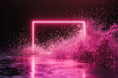 A neon pink rectangular frame amidst a dramatic particle splash, great for edgy fashion promos, vibrant event posters, or modern digital art. Generative AI
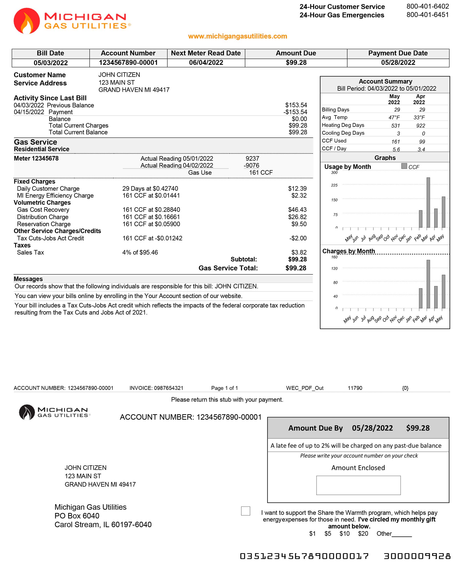 The Michigan Gas Utilities template is a well-crafted editable design suited for testing, verification, or digital UX simulations. For similar resources, check out the DTE Michigan electric template or the Verizon bill layout to compare realistic statement visuals.
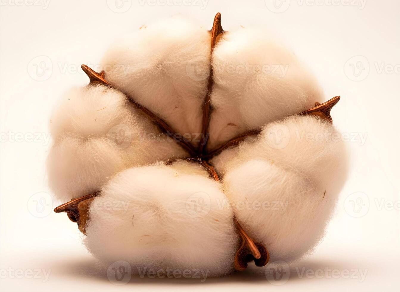 Close-up studio shot of a raw cotton fiber bundle on a white backdrop, captured with a macro lens to highlight the fluffy, cloud-like structure and subtle shadows, under controlled, even lighting. Pro Photo
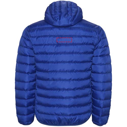 Giacca da uomo trapuntata morbida al tatto e cappuccio regolabile. Cerniere invertite con protezione per il mento abbinata. Due tasche anteriori con cerniera. Orlo elasticizzato abbinato sui polsini, sull’orlo e sul cappuccio. Fodera interna a contrasto. Inclusa borsa per riporta e trasportarla. Indumento leggero e ripiegabile. Idrorepellente. Modello anti-vento.
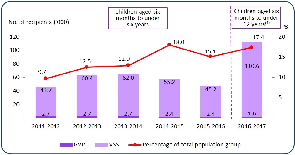 | (c) | children aged six months to under 12 years from families receiving CSSA or holding valid Certificate; and
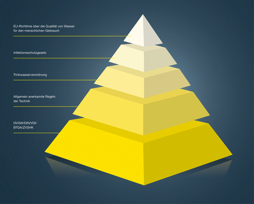 Eine Zertifizierung, beispielsweise durch den DVGW, ist obligatorisch. DIN-DVGW- oder DVGW-zertifiziert bedeutet: Die Übereinstimmung eines Produkts mit den Anforderungen des DVGW-Regelwerks und die Übereinstimmung mit den einschlägigen DIN-Normen. Damit besteht für den Anwender die notwendige Sicherheit für den Einsatz in Trinkwasseranlagen, gerade im Hinblick auf die hygienischen Anforderungen. Für Dimensionierung, Verlegung, Dämmung, Druckprüfung, Spülung, Schallschutz und den vorbeugenden baulichen Brandschutz gelten die bekannten Normen und Regelwerke.
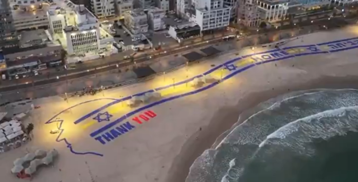 Ένα τεράστιο πανό που ευχαριστεί τον Πρόεδρο των Ηνωμένων Πολιτειών Ντόναλντ Τραμπ βρίσκεται στην παραλία του Τελ Αβίβ, σύμφωνα με πλάνα που προβλήθηκαν από το Channel 12.
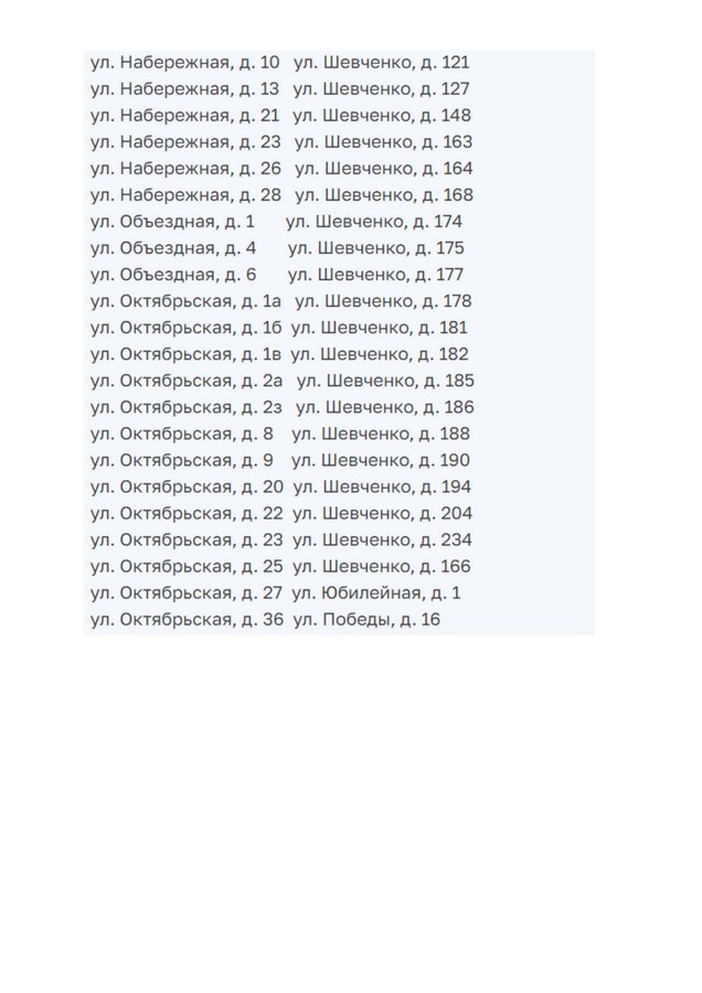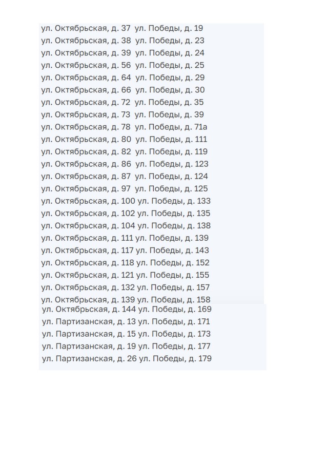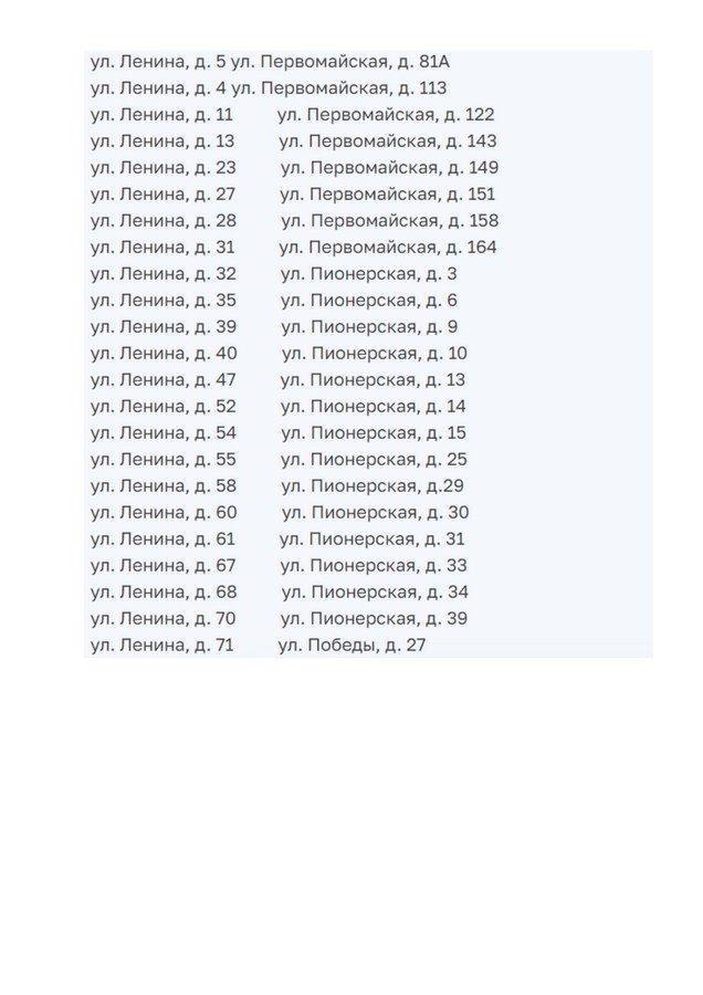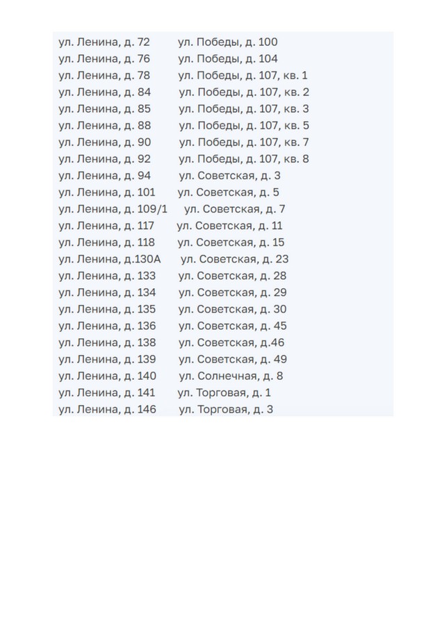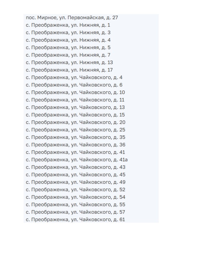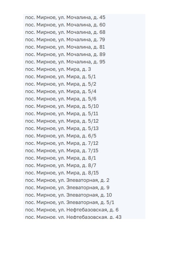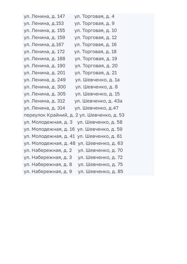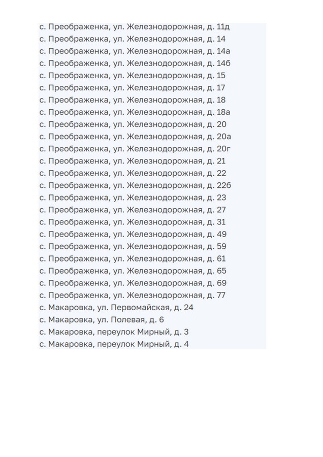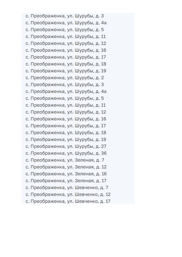 У списку вказані 324 адреси у Горностаївській селищній громаді Каховського району. Окупанти вказали лише назви вулиць і номери будинків, без назв населених пунктів. Вочевидь, значна частина цих адрес стосується самої Горностаївки.
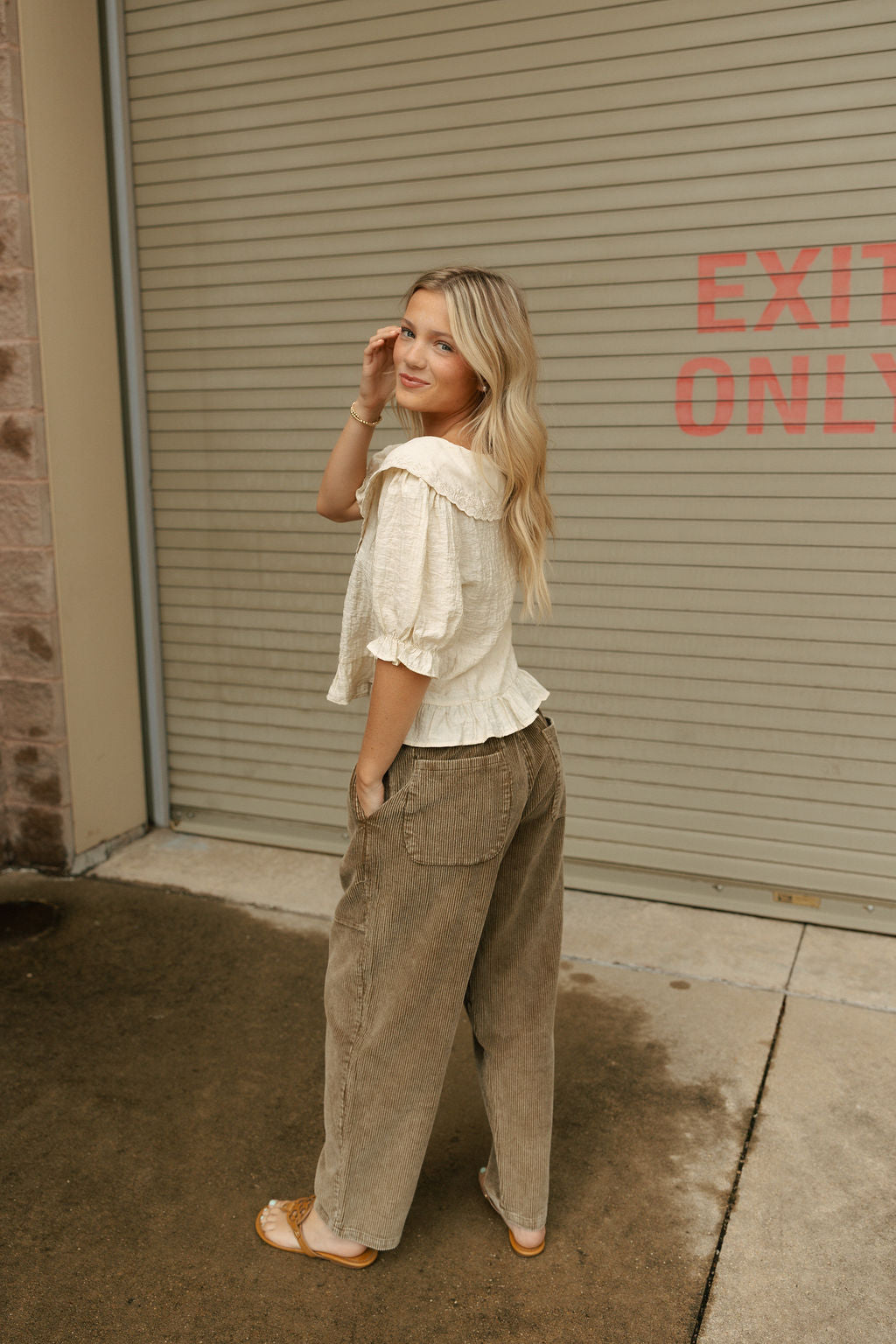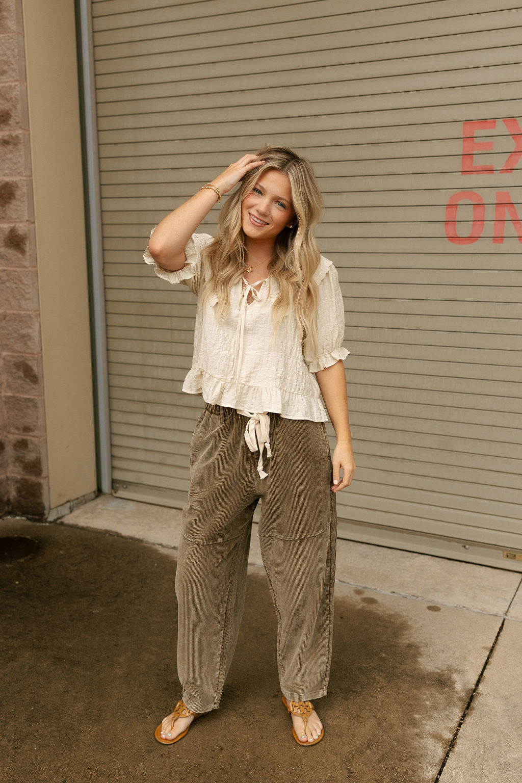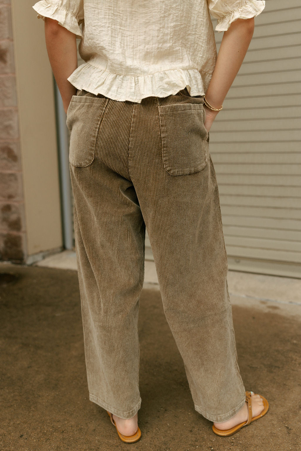 These Washed Cord Pants in olive combine comfort and style with a high-rise fit and elastic waistband for a perfect, flexible hold. The adjustable drawstring lets you customize the fit, while practical pockets add convenience. Their cropped length makes them versatile for year-round wear, effortlessly pairing with your favorite tops for a unique, laid-back look.
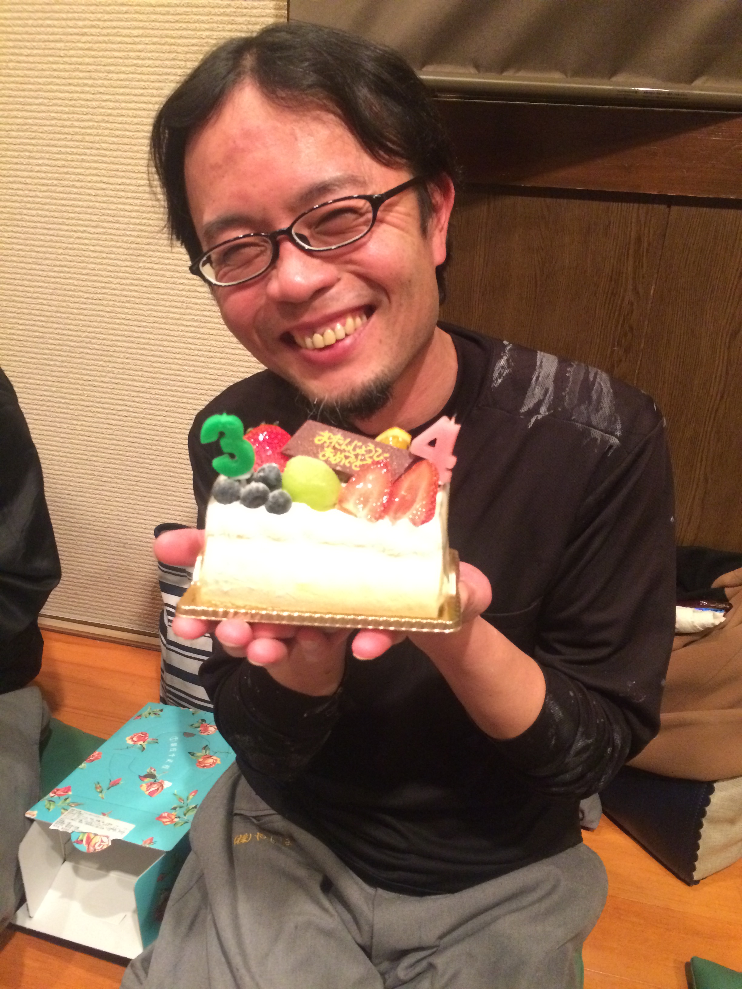 主役じゃないのにケーキをもって主役の座を奪おうとするYさんのこの笑顔・・・憎めません。
★ ★ ★ ★
_WORK ORDER_:
Look above for the line with "The Michigan Gas" and the line with "Close-up studio shot", then restate exactly those two lines and all lines between them, with no pictures.

_SOLUTION FOR THIS TASK_:
 The Michigan Gas Utilities template is a well-crafted editable design suited for testing, verification, or digital UX simulations. For similar resources, check out the DTE Michigan electric template or the Verizon bill layout to compare realistic statement visuals.
 Close-up studio shot of a raw cotton fiber bundle on a white backdrop, captured with a macro lens to highlight the fluffy, cloud-like structure and subtle shadows, under controlled, even lighting. Pro Photo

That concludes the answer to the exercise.